Полная душа любви (СИ)
Полная душа любви (СИ) читать книгу онлайн
— Поступили в университет — пора выходить замуж, — сказала старшая из пяти девушек — соседок по комнате, двадцатилетняя Валя, и все тут же согласились с ней: «Поступили в университет — пора выходить замуж», — даже те, кто прежде о замужестве не думал, для кого оно было непостижимо далеким. За две недели они все уже успели соскучиться по родителям и по дому, каждой из них хотелось поскорей опять оказаться в своей семье — пусть в какой-то другой, новой — и новая задача встала перед ними теперь!..
Внимание! Книга может содержать контент только для совершеннолетних. Для несовершеннолетних чтение данного контента СТРОГО ЗАПРЕЩЕНО! Если в книге присутствует наличие пропаганды ЛГБТ и другого, запрещенного контента - просьба написать на почту [email protected] для удаления материала
Со временем тихие первокурсницы осваивали местные неписаные законы, по которым незванных-непрошенных гостей и взашей выставить не было зазорно.
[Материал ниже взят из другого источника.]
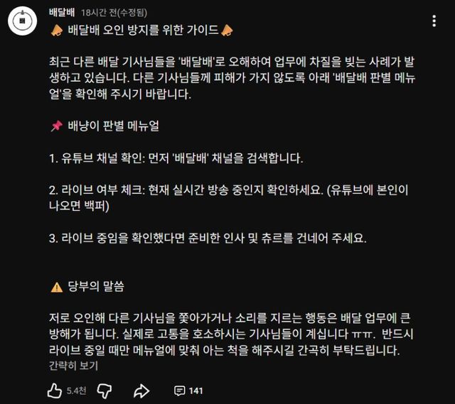 오인사격 많아지고 다른 배달기사한테 피해가 가는 상황이라 간곡히 호소중
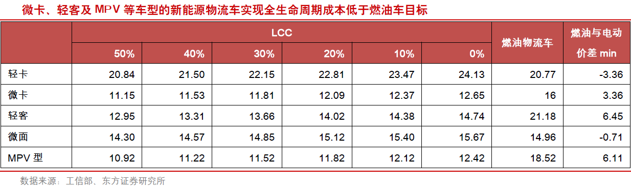 2017年我国新能源物流车产量达14万辆,同比增长150%,主要原因在于当年国家及地方补贴力度大,而2018年中央补贴标准同比下降33~43%,使得市场对新能源物流车发展抱有怀疑态度。但东方证券认为未来新能源物流车仍将实现强劲发展,首先据测算,在2018年中央补贴条件下,即使没有地方补贴,微卡、轻客及MPV等车型的新能源物流车已经实现全生命周期成本低于燃油车的目标,其经济性已经得到凸显;其次,在《行动计划》等政策指引下,非补贴性政策将逐步落地推动新能源物流车市场发展。估算到2020年全国城市物流车年销量将接近300万辆,其中新能源物流车占比有望在10%以上,超过30万辆。
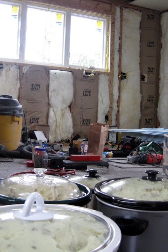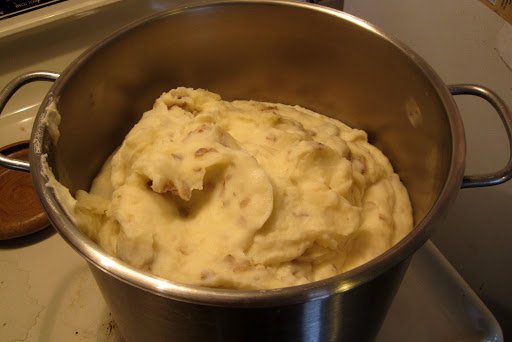 When we tallied up the numbers a week ago, we figured about sixty people would attend–and so prepping food for seventy seemed reasonable. Considering our bumper potato crop, M and I offered to bring mashed potatoes to go along with the gravy, ham, turkey, sweet potatoes, green beans, rolls, cranberry salad, pies, and hot tea and coffee also on the menu.
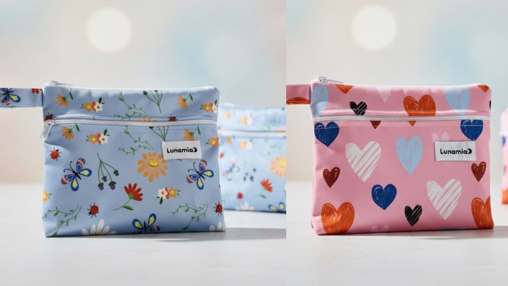 K nohavičkám si môžete dokúpiť aj nepremokavú taštičku v niekoľkých krásnych dizajnoch. Zatiaľ som ju ešte nemala možnosť naplno využiť, no pri cestovaní alebo dlhších dňoch mimo domu môže byť veľmi praktická.
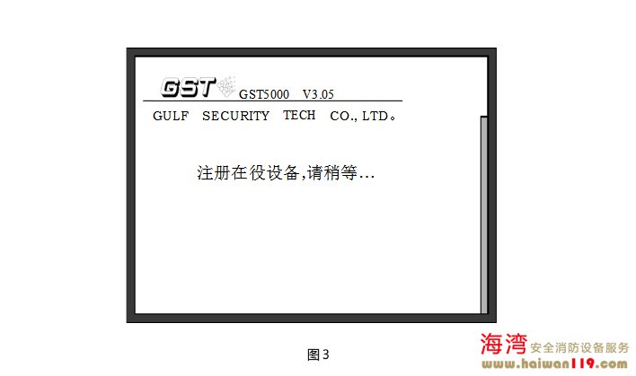 完成以上操作后,系統(tǒng)上電進行初始化(畫面顯示如圖1所示)。初始化完成后進入對運行記錄、隔離信息、聯(lián)動公式、聲光電源的自動檢查狀態(tài)(畫面顯示如圖2所示),自檢完畢,控制器對外接火災(zāi)顯示盤、探測器和模塊進行注冊(如圖3所示),并顯示注冊信息 (如圖4所示) 。至此,開機過程結(jié)束,系統(tǒng)進入正常監(jiān)控狀態(tài)。主機鍵盤上設(shè)有“自檢”鍵,按下此鍵后系統(tǒng)將進行和開機時相同的聲光及電源檢查。 關(guān)機過程按照與開機時相反的順序關(guān)掉各開關(guān)即可。要注意各個備電開關(guān)一定要關(guān)掉,否則,將有損壞電池的可能。
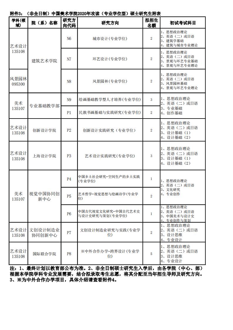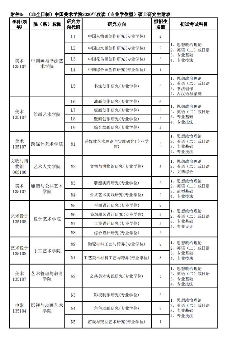 中國美術(shù)學(xué)院2020年考研招生目錄(非全日制)
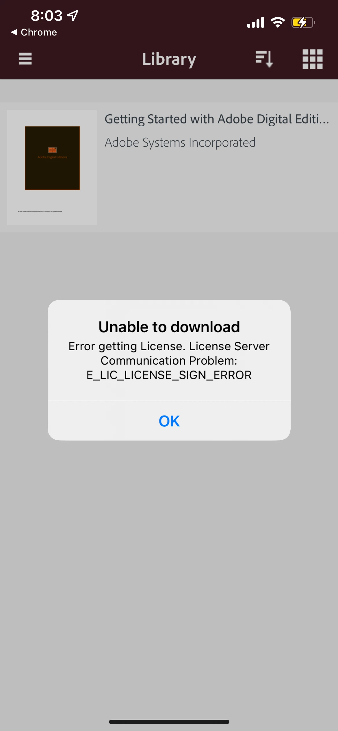 I've bought an ebook from Avid and it said I should download Adobe Digital Editions and open my ACSM ebook there. I'm getting this error when I try to open it. It's happening both on my Mac and my iOS app. I tried to contact both Adobe and Avid and neither of them could help me with this error. Does anyone know what's happening and what I should do to fix it?
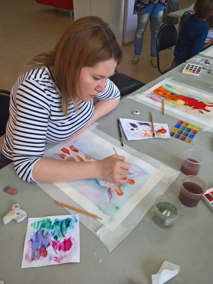 В Творческой мастерской «Арт-салон» прошёл мастер-класс по акварельной живописи под руководством преподавателя детской художественной школы № 1 Елены Скрыпник.
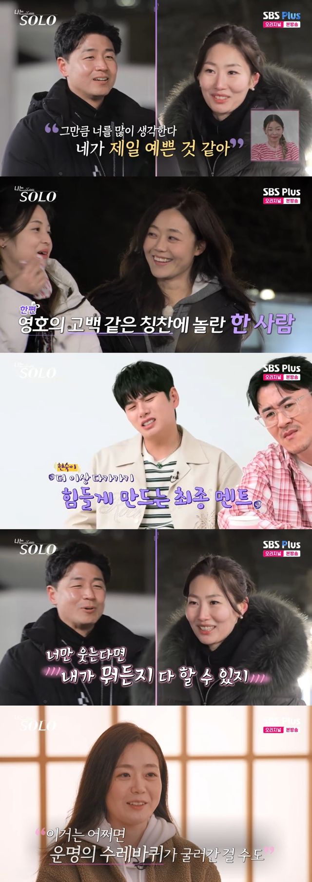 송해나는 "나 같으면 영호씨랑 연이 아닌가 보다 하고 놔줄 것 같다"라고 말했고, 데프콘은 "순자 씨랑 잘되면 좋은데 저희가 보고 싶은 드라마의 장면들, 쟤네들은 왜 자꾸 엇갈리면서 안될까가 보고 싶은 거다"라고 말했다.
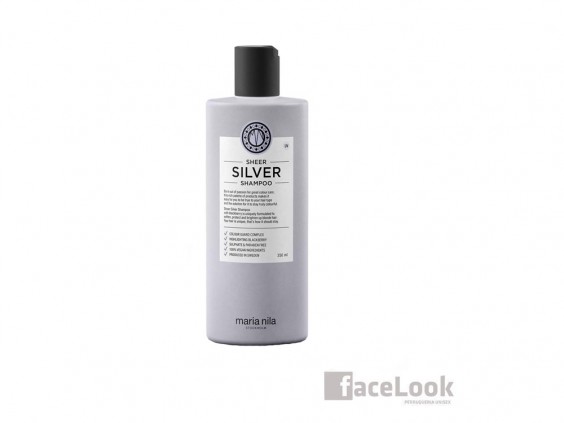 Aplicar el champú maria nila sheer silver, sobre el cabello húmedo realizando un suave masaje y enjuagar. Se recomienda realizar un segundo lavado.
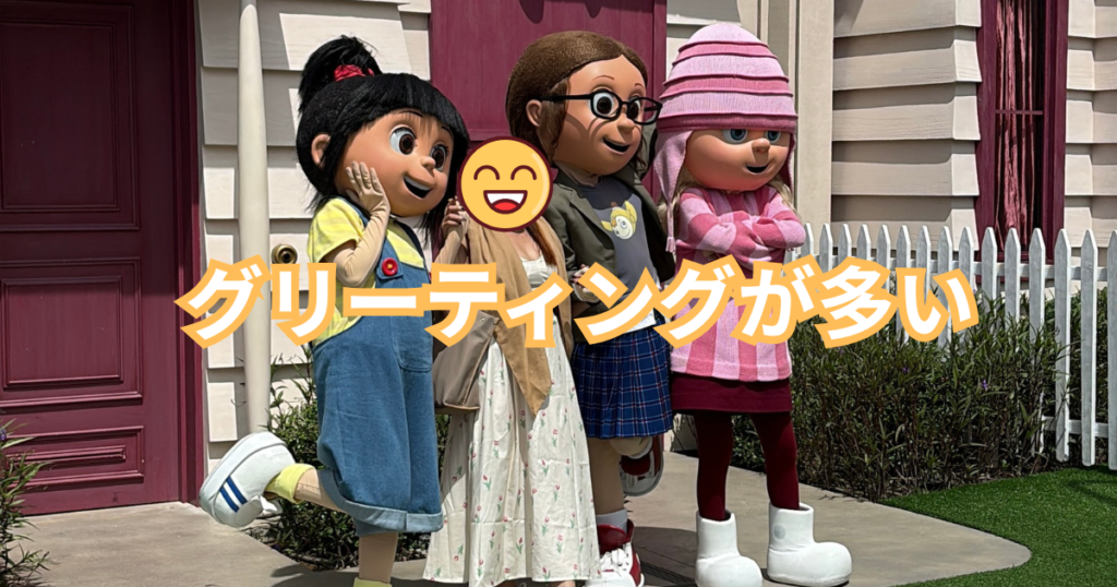 - キャラクターグリーティングが多く、海外パークならではの雰囲気を味わえる

Но на следующий год появлялись новые первокурсницы — робкие, вежливые. Вьетнамцы шли в девичьи комнаты наудачу — в одну и ту же комнату много раз, и в другие комнаты, конечно, шли — где-то им должно было повезти! И было странно, что никто из Надькиных подруг не мог припомнить случая, чтобы какая-нибудь девушка в самом деле вышла за вьетнамца — и увезла бы его к своим маме с папой, в какой-то сонный городок. Маленькие смуглые человечки шли к любой поставленной цели с невероятным упорством. Раз за разом их соотечественники отстаивали независимость своей страны от всех подряд, считавших, что такие маленькие, точно уменьшенные кем-то нарочно, люди не смогут защитить свою страну, И они строили что-то там у себя в стране и присылали своих детей учиться разным наукам в другие страны — и дети осваивали для начала так непохожие на свой чужие языки. Интересно, каким им слышался русский, если Надьке их язык казался похожим то на заливистые трели, то на испуганные вскрики каких-то птиц?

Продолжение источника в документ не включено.